Species: Gallus gallus domesticus

Embryo Name: RC015
RC015 whole embryo.jpg

Embryo stage: ST20 + Confirmed by Fabiana (supervisor).
Staging description: Staged on the 20th Jan 2011 10:00am, see Notebook Entry

  • Tail bud points forwards
  • Leg and wing buds roughly the same size (indicative of an embryo ST20-ST21)
  • Faint pigmentation present in the eye (pigmentation begins to develop at ST20)
  • Maxillary visceral arch is distinctly larger than the Mandibullary which extends to midline of eye (indicating ST20-ST21)
  • 2nd Visceral arch distinct. (Indicating ST20-ST21).

Fixation: PFA
Cryoprotection: None.
Material label and storage: The sectioned, mounted, stained and coverslipped (in DPX) embryo is labeled RC015 and stored in a slide folder in the lab.

Experiment details

Objective:To complete a serial coronal sectioning of the embryo rostral to the wingbud prior to staining with Cresyl Violet and coverslipping for histological and cytological analysis of the stained sections.
Procedure: 20th Jan 2011, 10:15am (see Notebook entry)

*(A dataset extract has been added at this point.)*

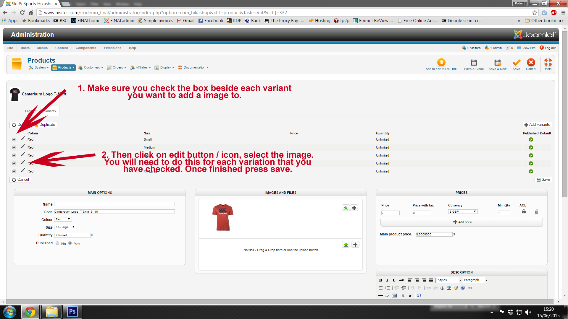 Once the images for each colour has been set I would then add the size Characteristics which then automatically created 5 sizes for each colour. So if for example I looked at the large red t-shirt it would show a image of a red t-shirt and this would be the same for each size of the red t-shirt and vice versa for the black. I didn't have to go into each size and add a image as each size for the black colour already had the correct image and the same for each size in the red colour.
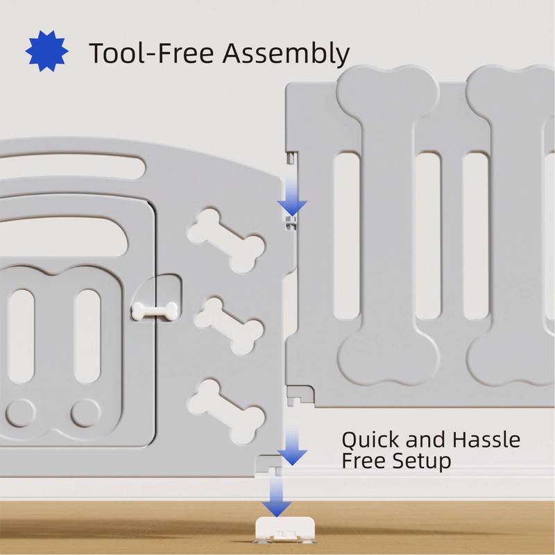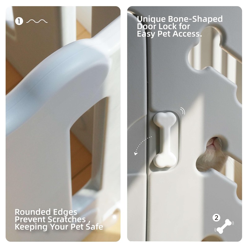 - Rounded Edges for Pet Safety: Featuring rounded edges and a bone-shaped lock, this dog playpen prevents scratches and injuries, ensuring a safe space for your dog to play, rest, or train.

  • 11:30am Using dissection scissors and under a dissection microscope I cut the embryo immediately rostral to the wing bud

RC015 following cutting at wing bud.jpg

  • The cryostat was set to OT: -19°C, CT: -19°C and allowed to equilibrate to the new temperature (it was previously set to OT:-17°C, CT: -17°C.
  • The head region of the embryo was then gently replaced into a vial filled with PFA using forceps.
  • A small plastic mould was half filled with OCT and then, using a blade, the embryo was very carefully laid on top of the OCT from a Petri dish containing PFA.
  • Using forceps the embryo was oriented such that the hindbrain ran parallel to the sides of the mould so that coronal sections could be made

Embryo RC015 submerged in OCT aligned in plastic mould.jpg

  • Bubbles in the OCT were removed with the forceps.
  • 11:55am Incubated the block at -19°C in the cryostat chamber.
  • 12:15pm The block was oriented 90° to a chuck and stuck on by freezing OCT between the two contacting surfaces.

Embryo RC015(20+) embedded in OCT and incubating in the cryostat.jpg

  • OCT was built up either side of the block inside the cryostat chamber.
  • The chuck was inserted into the metallic chuck holder and incubated at -19°C for one hour.
  • 1:15pm Began trimming the block but decided once I had trimmed to the embryo that it was not centered properly and so more OCT was built up on the side lacking OCT to centre the tissue in the OCT mould.
  • The assembly was incubated in the metallic chuck holder for 30 minutes prior to cutting to allow it to harden.
  • Serial sections of the specimen were cut and mounted onto microscope slides and dried overnight in a fume hood.
  • Slides 1,3,5,7,9,10,11 & 15 were cut by Reuben and Slides 2,4,6,8,12,13,14 were cut by Malisha.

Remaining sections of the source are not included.